Так что если Кушнарев спортсмен и мужчина отменного здоровья, это еще не значит, что в тюрьме или зале суда он должен чувствовать себя спокойно и хорошо.
Но теперь Олег Сахно допускал и другое объяснение. Если на человека влияют таким образом, как предполагает Альбина Синявская, даже самое крепкое здоровье вполне может оказаться подорванным. Защитные функции организма под воздействием таких влияний могут ослабнуть, а человек этого даже не заметит. И проявится эта слабость только в критической ситуации. Такой ситуацией для Евгения Кушнарева вполне могла быть – и однозначно стала! – тюрьма.

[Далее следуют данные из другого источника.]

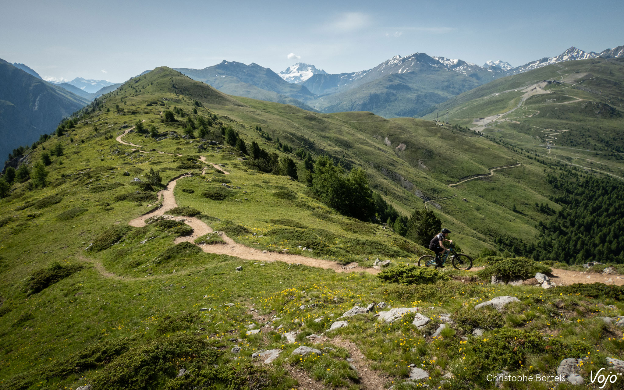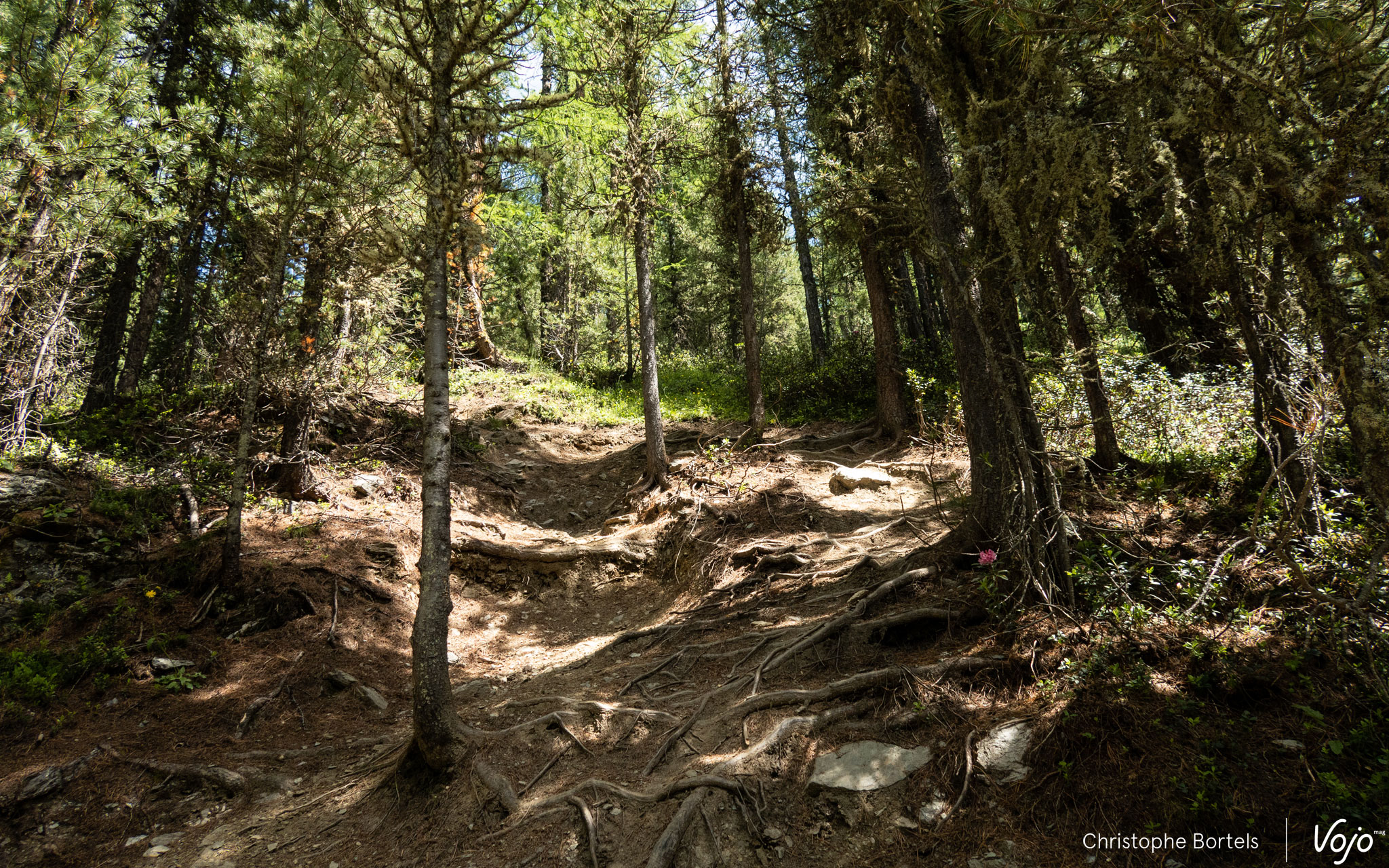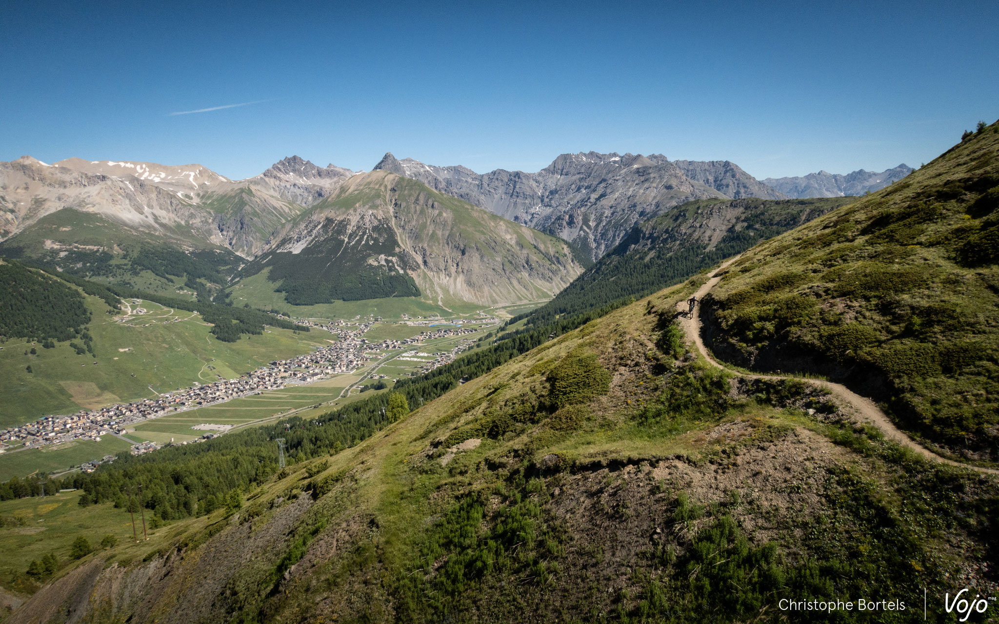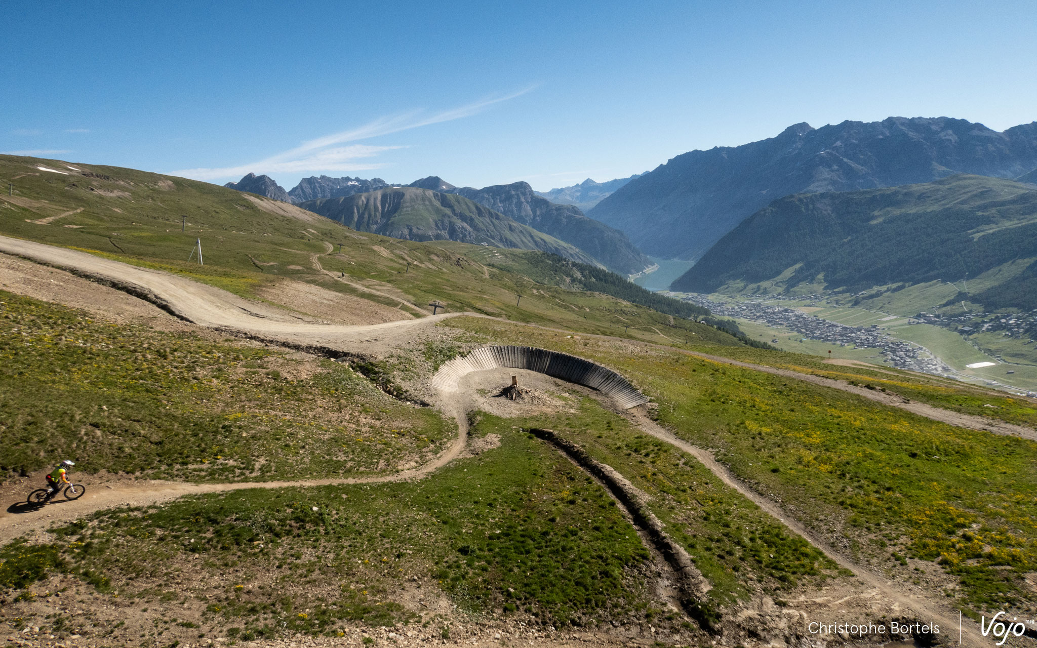 Même topo pour l’autre bleue, Enduro Natural Trail (5,6km), qui part du côté opposé, en suivant la courbe de niveau dans un premier temps. Plate et obligeant à pomper pour garder du rythme, ce n’est pas la partie la plus amusante, mais on en prend plein les yeux avec une vue imprenable sur Livigno.

Не поленившись вернуться к началу своих рассуждений, Сахно выстроил в голове цепочку. Потом достал из ящика стола лист серой бумаги, которую он выдавал, чтобы свидетели писали свои показания, а подозреваемые – чистосердечные признания, и нарисовал квадратик. Значит, пускай это будет тот, кого он окрестил Колдуном. До его появления рядом с Кушнаревым у губернатора все шло нормально. Дальше – Олег провел от квадратика стрелочку и пририсовал к ней еще один квадратик – началась революция, и Кушнарев принял в ней активное участие. Даже слишком активное. В результате – стрелочка от этого квадратика перешла к следующему, третьему по счету, – он потерял свой пост, свое общественное положение, оказался под следствием. Дело его возникло как раз в результате того, что произошло… вот здесь: Сахно аккуратно заштриховал второй, "революционный", квадратик.
Все, что сейчас вырисовывалось, напоминало Олегу какую-то сложную оперативную комбинацию, которую спланировали, разработали и реализовали люди, определенно имеющие связь с некими мистическими силами. Ведь слишком уж невероятной выглядела логика произошедшего.
Выступление на митинге – тюрьма – резкие внезапные проблемы со здоровьем – гибель в Изюмском лесничестве, одной из причин которой стало общее ослабление организма. Все эти звенья слишком плотно цеплялись друг за друга.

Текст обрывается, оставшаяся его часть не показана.